The Brief
Sufeng Yang came to the U.S. as a young child and now has a family has been detained by ICE.
The wife of Yang and mother of four young children went with her husband to his immigration check-in, never expecting she wouldn’t see him again.
State Representative Mai Xiong says she is working to free these refugees, whose detention hits very close to home.
DETROIT (FOX 2) - Sufeng Yang came to the U.S. as a young child with his mother after the Vietnam War. Yet Yang, a father, provider, and caregiver for his daughter's 82-year-old grandmother, is now in ICE detention, about to be deported to Laos.
Local perspective
In July, Yang and more than a dozen others in the Metro Detroit Hmong and Laotian communities received letters for what they thought was a routine immigration check-in on July 30th. It wasn’t.
"Without him, she won’t be able to get by—her life will be at risk, her home will be at risk," said daughter Anissa Lee through tears.
The wife of Yang and mother of four young children went with her husband to his immigration check-in, never expecting she wouldn’t see him again.
"Within minutes, his name was called—he walked through the door to the back area and never returned," said State Representative Mai Xiong.
What they're saying
Xiong is working to free these refugees, whose detention hits very close to home.
"I’m a surviving Hmong refugee and the only Hmong American elected in the state of Michigan," said Xiong. "These individuals came here lawfully—as refugees—just like me."
She says the detainees were taken to Texas and now Louisiana, where they are sleeping on concrete floors, and there isn’t enough food.
"This past week has been a nightmare," she said. "These family members are desperate—we don’t have a lot of time."
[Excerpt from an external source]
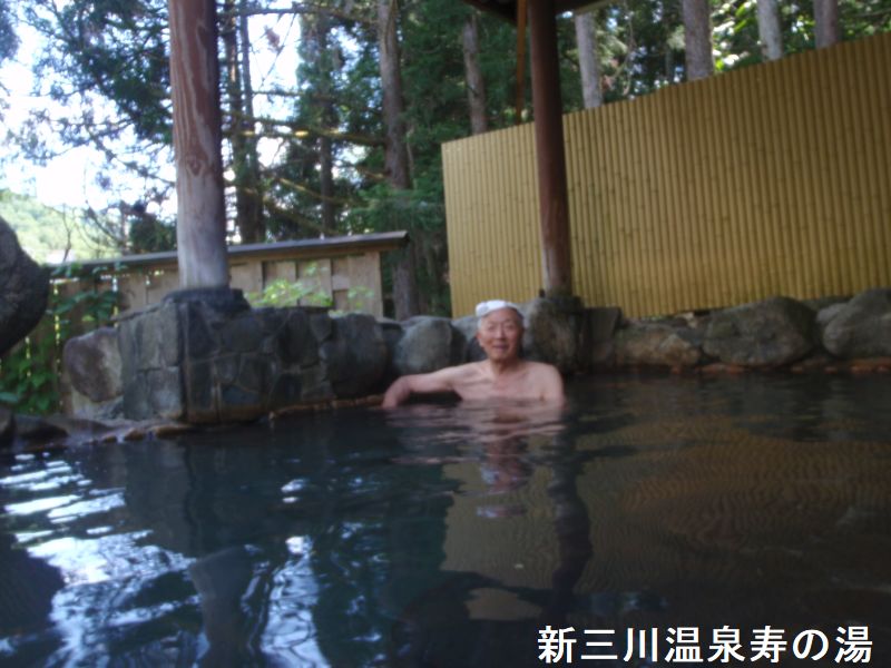 新と名乗るからには、新ではない普通の三川温泉もあります。その手前にある新三川温泉に「壱の湯」があり、多くのお客さんでにぎわっています。お風呂は内湯のみですが、お風呂にしては大きく、十分に寛げます。入って正面の窓側に浴槽が据えられ、右側に洗い場が配置されています。浴槽は大きなひとつの槽を板で二つに仕切っており、湯口側は熱く、湯尻側が適温になっていました。その仕切り板は底が刳りぬかれており、湯面側にも細長い穴が刳りぬかれていて、仕切り板の上下でお湯が貫通できるようになっています。温泉に含まれる金気の影響で湯口は赤く染まっているのが印象的です。そんな湯口から投入されるお湯の量はかなり多く、上に噴き出す感じで浴槽へ供給されています。浴槽のお湯はうしお汁のような感じで少々の青白い笹濁りを呈しており、浴槽内は赤黒く光っていました。そんな浴槽に肩まで浸かってみますと、食塩泉的なツルスベ浴感と硫酸塩泉的な引っかかる浴感が拮抗して肌に伝わってきます。食塩の効果でしょうか、暫く汗が止まらなくなるほどよく温まります。鮮度感も良好です。

Meanwhile, a coalition of state lawmakers, immigration attorneys, and advocates is working to secure their release, but those detained already had final deportation orders—some from decades ago that are only now being acted upon.
The other side
ICE told FOX 2:
"A known gang member who obstructed a murder investigation, multiple child sex abusers, drug traffickers, and other Laotian nationals with criminal histories were arrested by ICE Detroit on July 30. All had been ordered removed by an immigration judge, some as early as 2001. ICE was recently able to obtain travel documents from the government of Laos to ensure their lawful removal to their home country."